- **Exercise brief**
Give the data again exactly, without images.

- **Dataset extract**
---

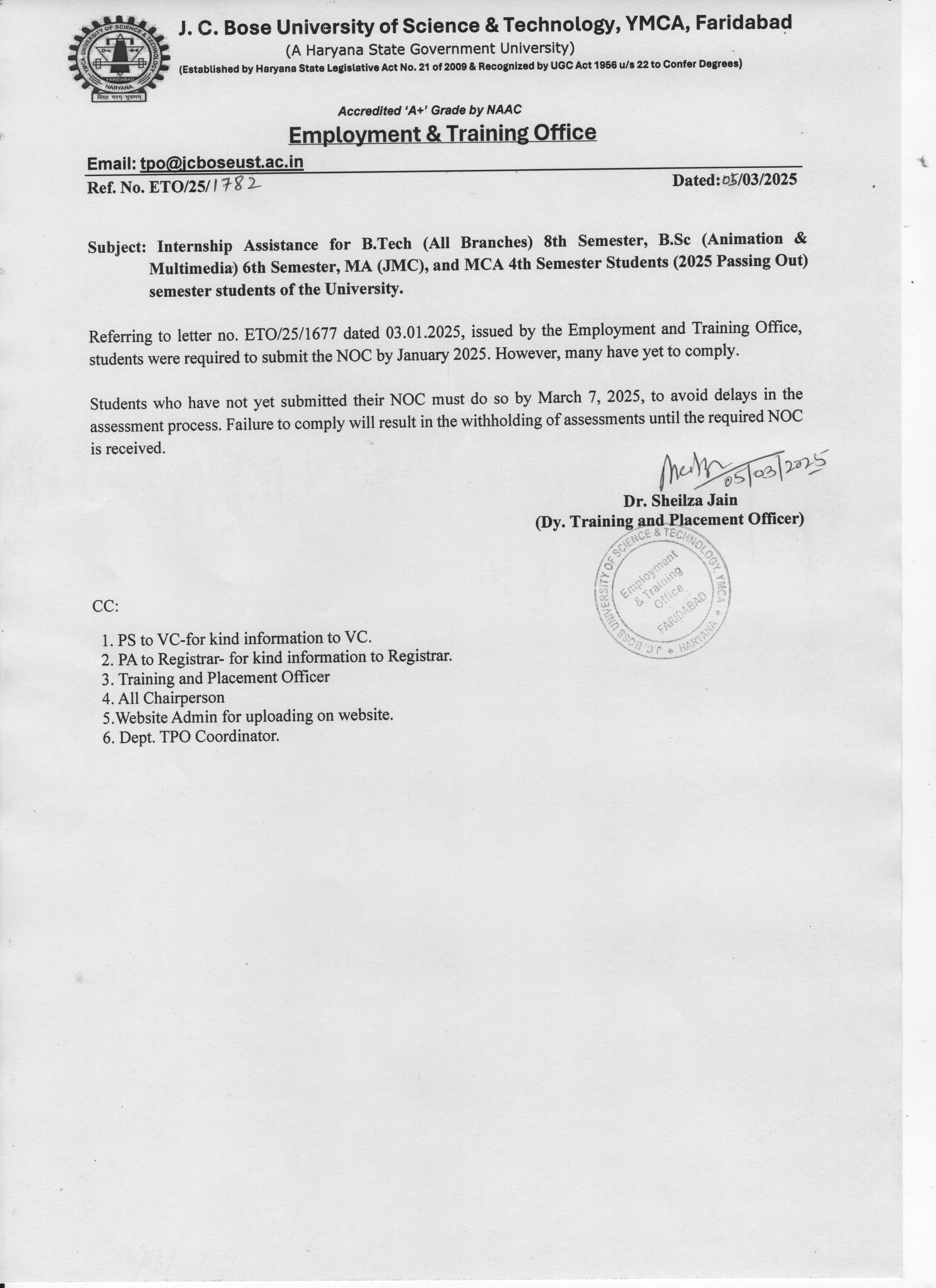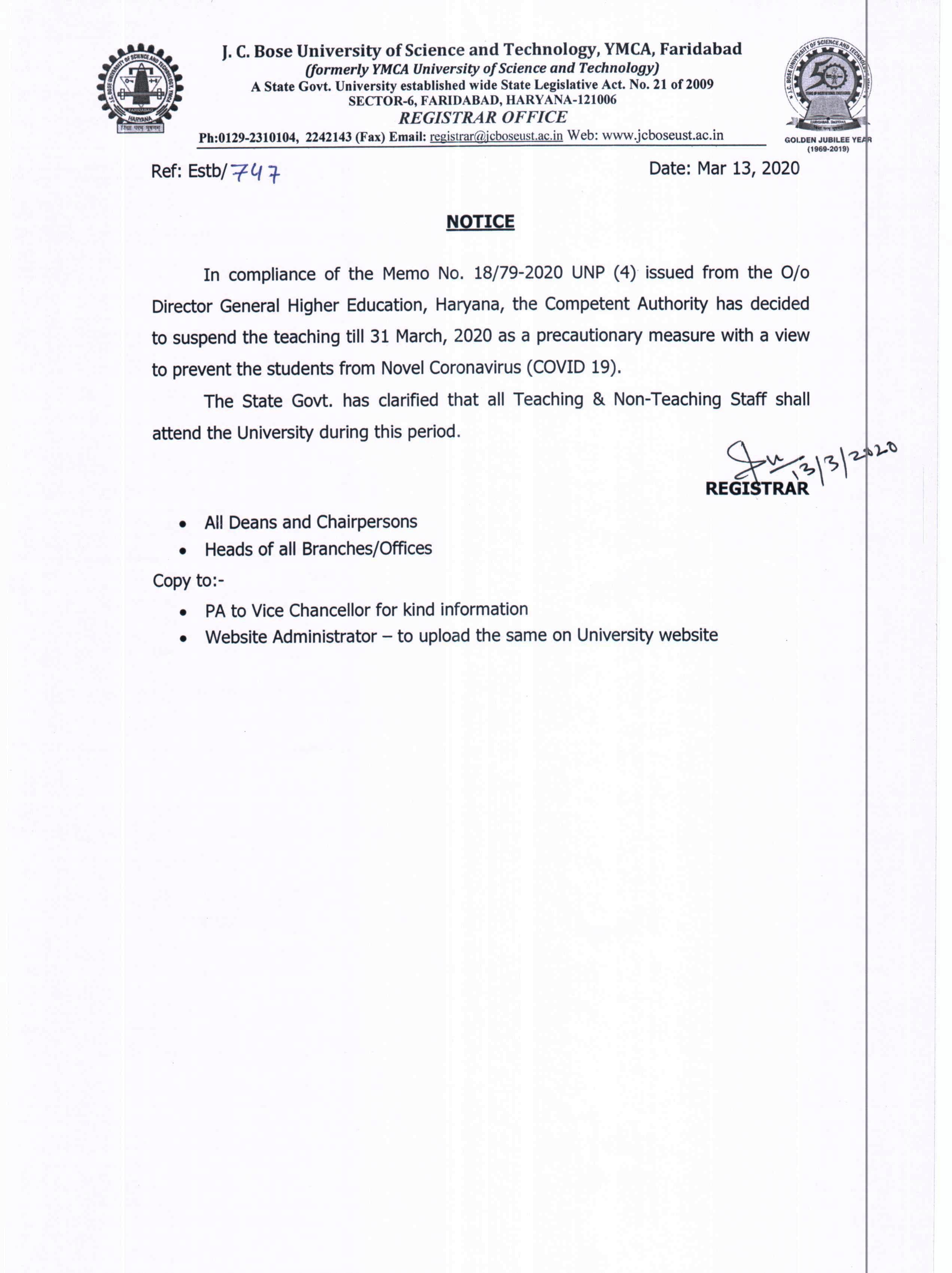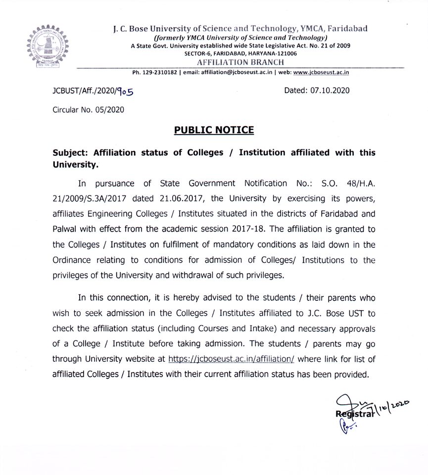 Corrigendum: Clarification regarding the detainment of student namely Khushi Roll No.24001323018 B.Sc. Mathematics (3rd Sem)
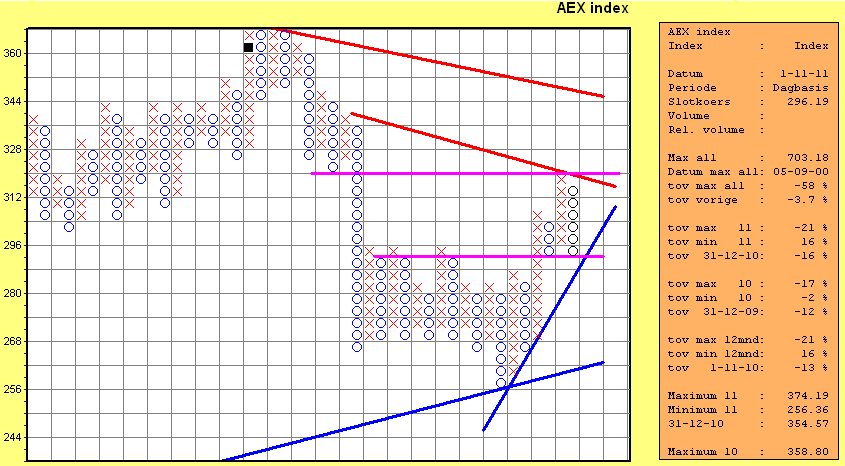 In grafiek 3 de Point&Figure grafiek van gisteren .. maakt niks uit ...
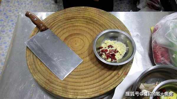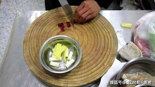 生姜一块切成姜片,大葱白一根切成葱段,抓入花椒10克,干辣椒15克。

---

- **Problem solution**
 Corrigendum: Clarification regarding the detainment of student namely Khushi Roll No.24001323018 B.Sc. Mathematics (3rd Sem)
 In grafiek 3 de Point&Figure grafiek van gisteren .. maakt niks uit ...
 生姜一块切成姜片,大葱白一根切成葱段,抓入花椒10克,干辣椒15克。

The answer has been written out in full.